Cardlytics Prices $150.0 Million Convertible Senior Notes Offering
26 Março 2024 - 10:15PM
Cardlytics, Inc. (NASDAQ: CDLX) (“Cardlytics”), an advertising
platform in banks’ digital channels, today announced the pricing of
its offering of $150.0 million aggregate principal amount of 4.25%
convertible senior notes due 2029 (the “notes”) in a private
offering to qualified institutional buyers pursuant to Rule 144A
under the Securities Act of 1933, as amended (the “Securities
Act”). The issuance and sale of the notes are scheduled to settle
on April 1, 2024, subject to customary closing conditions.
Cardlytics also granted the initial purchasers of the notes an
option to purchase, for settlement within a period of 13 days from,
and including, the date the notes are first issued, up to an
additional $22.5 million aggregate principal amount of notes.
The notes will be senior, unsecured obligations
of Cardlytics and will accrue interest at a rate of 4.25% per
annum, payable semi-annually in arrears on April 1 and October 1 of
each year, beginning on October 1, 2024. The notes will mature on
April 1, 2029, unless earlier converted or repurchased by
Cardlytics. Before January 2, 2029, noteholders will have the right
to convert their notes only upon the occurrence of certain events.
From and after January 2, 2029, noteholders may convert their notes
at any time at their election until the close of business on the
scheduled trading day immediately before the maturity date.
Cardlytics will settle conversions by paying or delivering, as
applicable, cash, shares of its common stock or a combination of
cash and shares of its common stock, at Cardlytics’ election. The
initial conversion rate is 55.4939 shares of common stock per
$1,000 principal amount of notes, which represents an initial
conversion price of approximately $18.02 per share of common stock.
The initial conversion price represents a premium of approximately
32.5% over the last reported sale price of $13.60 per share of
Cardlytics’ common stock on March 26, 2024. The conversion rate and
conversion price will be subject to adjustment upon the occurrence
of certain events.
The notes will not be redeemable at Cardlytics’
option prior to maturity. If a “fundamental change” (as defined in
the indenture for the notes) occurs, then, subject to a limited
exception, noteholders may require Cardlytics to repurchase their
notes for cash.

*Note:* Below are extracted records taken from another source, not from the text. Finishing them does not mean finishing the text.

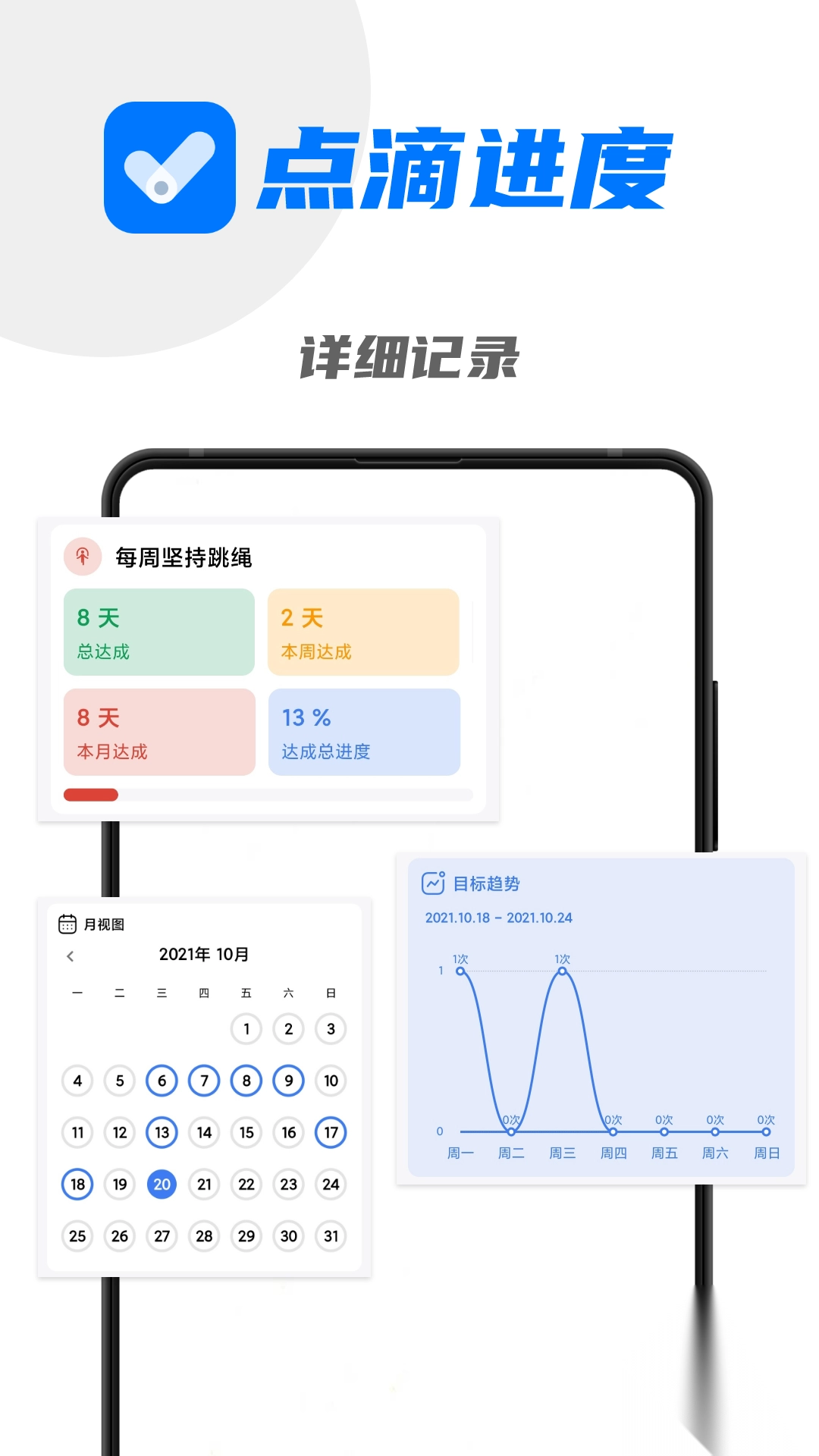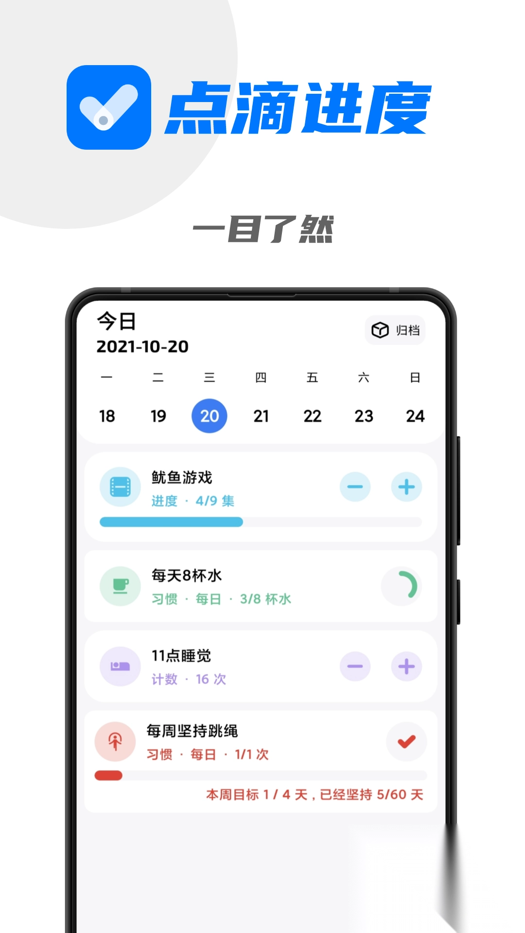 点滴进度最新版是一款手机软件,能让你随手记录各类待办事项,从而追踪每天事件的完成进度。这款软件使用方法简便,可便捷地管理事项完成进度。它支持多种模式操作,能满足不同场景的使用需求,随意切换。软件的使用界面将所有记录功能都清晰展示,只需一键点击想使用的功能,就能立刻开启。此外,还为用户免费提供更多个性化记录功能。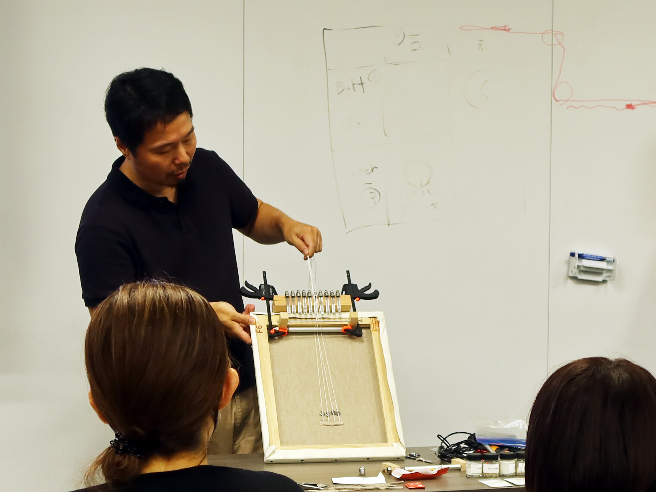 土師さんには、実践動画を交えた分かりやすいスライド解説に加え、シドニーでのワークショップの体験をもとに、現地で支給された修復キットやご自身で自作、工夫された道具類を実際に披露していただきました。また、Single Thread Bondingと同じく現地シドニーで学ばれた、キャンバスの変形修正「トレッカー装置」の仕様も、実演を交えて詳しくご紹介いただきました。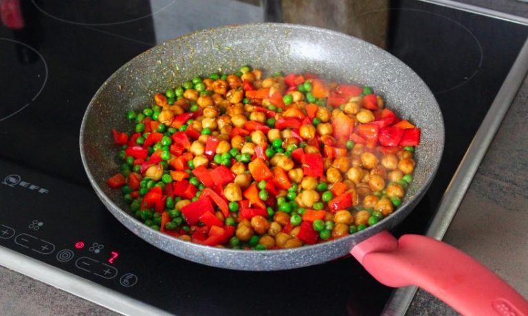 Möhren und Tomaten in Scheiben schneiden. Paprika waschen, entkernen und in Stücke schneiden. Pilze trocken abreiben und in dicke Scheiben schneiden. Eine Pfanne auf mittlerer Stufe erhitzen und Gemüse darin nacheinander 4–5 Minuten von jeder Seite anbraten.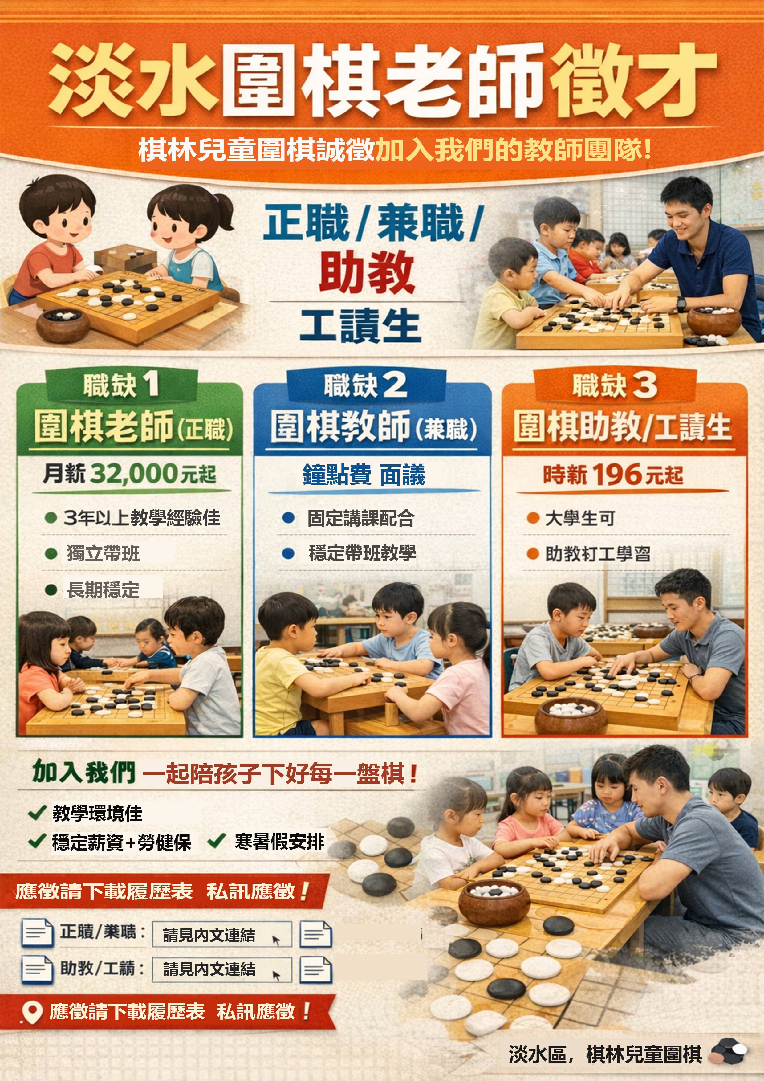 | 【淡水圍棋老師徵才】棋林兒童圍棋招募|正職圍棋老師/兼職圍棋教師/圍棋助教工讀生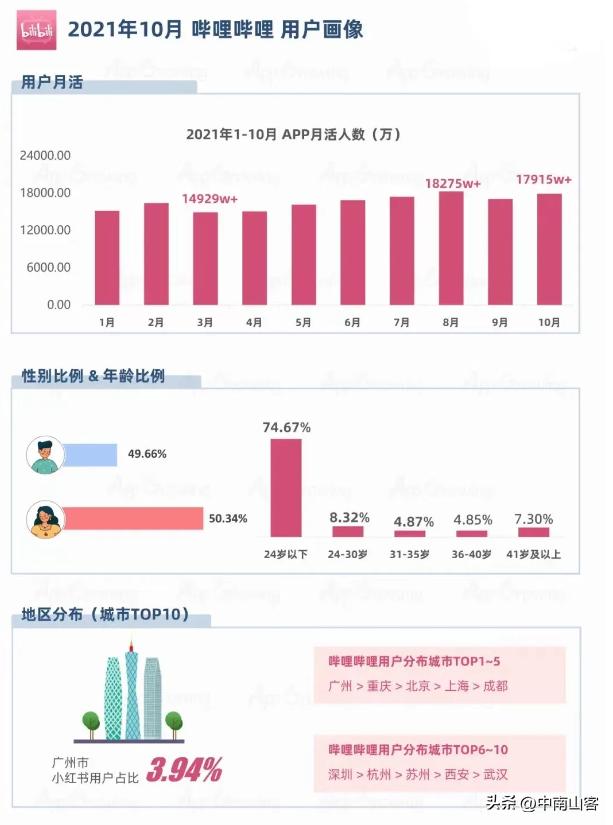 由此可見,B站的Z世代和高線城市用戶占比高。

The repurchase price will be equal to the principal
amount of the notes to be repurchased, plus accrued and unpaid
interest, if any, to, but excluding, the applicable repurchase
date.
Cardlytics estimates that the net proceeds from
the offering will be approximately $144.5 million (or approximately
$166.3 million if the initial purchasers fully exercise their
option to purchase additional notes), after deducting the initial
purchasers’ discounts and commissions and Cardlytics’ estimated
offering expenses.
Cardlytics expects to use approximately $169.3
million, consisting of the net proceeds from the offering, together
with cash on hand, to repurchase for cash approximately $183.9
million aggregate principal amount of its 1.00% convertible senior
notes due 2025 (the “2025 Notes”), together with accrued and unpaid
interest, in privately negotiated transactions entered into
concurrently with the pricing of the offering through one of the
initial purchasers or its affiliate, as Cardlytics’ agent (each, a
“note repurchase transaction”). This press release is not an offer
to repurchase the 2025 Notes, and the offering of the notes is not
contingent upon the repurchase of the 2025 Notes.
In connection with any note repurchase
transaction, Cardlytics expects that holders of the 2025 Notes who
agree to have their 2025 Notes repurchased and who have hedged
their equity price risk with respect to such notes (the “hedged
holders”) will unwind all or part of their hedge positions by
buying Cardlytics’ common stock and/or entering into or unwinding
various derivative transactions with respect to Cardlytics’ common
stock. The amount of Cardlytics’ common stock to be purchased by
the hedged holders or in connection with such derivative
transactions may be substantial in relation to the historic average
daily trading volume of Cardlytics’ common stock. This activity by
the hedged holders could have increased (or reduced the size of any
decrease in) the market price of Cardlytics’ common stock,
including concurrently with the pricing of the notes, which could
have resulted in a higher effective conversion price of the notes.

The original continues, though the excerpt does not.